Главная ошибка здесь в том, что гений принимается только за какое-то чудо природы, и забывается, что дело идет о гениальном человеке. Он по природе своей выше обыкновенных людей, – это бесспорно, – но ведь и обыкновенные люди также по природе выше многих других существ, например животных, и если эта сравнительная высота обязывает всякого обыкновенного человека соблюдать свое человеческое достоинство и тем оправдывать свое природное преимущество перед животными, то высший дар гения тем более обязывает к охранению этого высшего, если хотите – сверхчеловеческого, достоинства. Но не настаивая слишком на этой градации, которая осложняется обстоятельствами другого рода, во всяком случае должно сказать, что гениальный человек обязан по крайней мере к сохранению известной, хотя бы наименьшей, минимальной, степени нравственного человеческого достоинства, подобно тому, как от самого обыкновенного человека мы требуем по крайней мере тех добродетелей, к которым способны и животные, как, например, родительская любовь, благодарность, верность.
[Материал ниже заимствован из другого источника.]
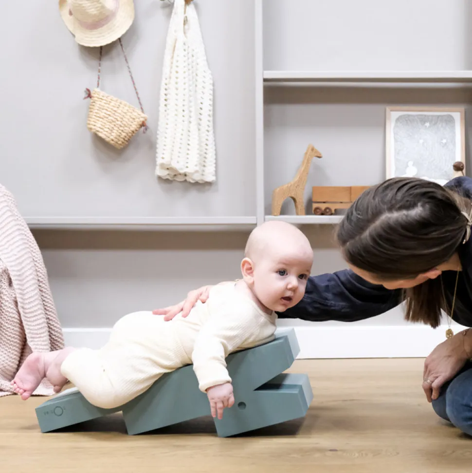 bObles krokodille M er et fantastisk tumlemøbel til børn i alle aldre, og med dets unikke størrelse og smukke farver vil den uden tvivl blive et hit på børneværelset. Der er næppe noget legetøj, der kan konkurrere med en bObles Krokodille, når det gælder balance, koordination og store grin. For den helt lille baby kan Krokodille vendes om på ryggen og bruges som sliske. Herfra kan mor og far nyde nærværet med deres lille ny, når baby ligger på ryggen og kigger op. Læg en bObles Kylling under Krokodille og pludselig har du den sjoveste baby-vippe. For de kravlende babyer er trinene på Krokodille den perfekte første trappe, hvor der også kan trænes faldrefleks.

Утверждать, что гениальность совсем ни к чему не обязывает, что гению все позволено, что он может без вреда для своего высшего призвания всю жизнь оставаться в болоте низменных страстей, это – грубое идолопоклонство, фетишизм, который ничего не объясняет, и сам объясняется лишь духовною немощью своих проповедников. Нет! если гений есть благородство по преимуществу или высшая степень благородства, то он по преимуществу и в высшей степени обязывает. Noblesse oblige. С точки зрения этой нравственной аксиомы взглянем на жизнь и судьбу Пушкина.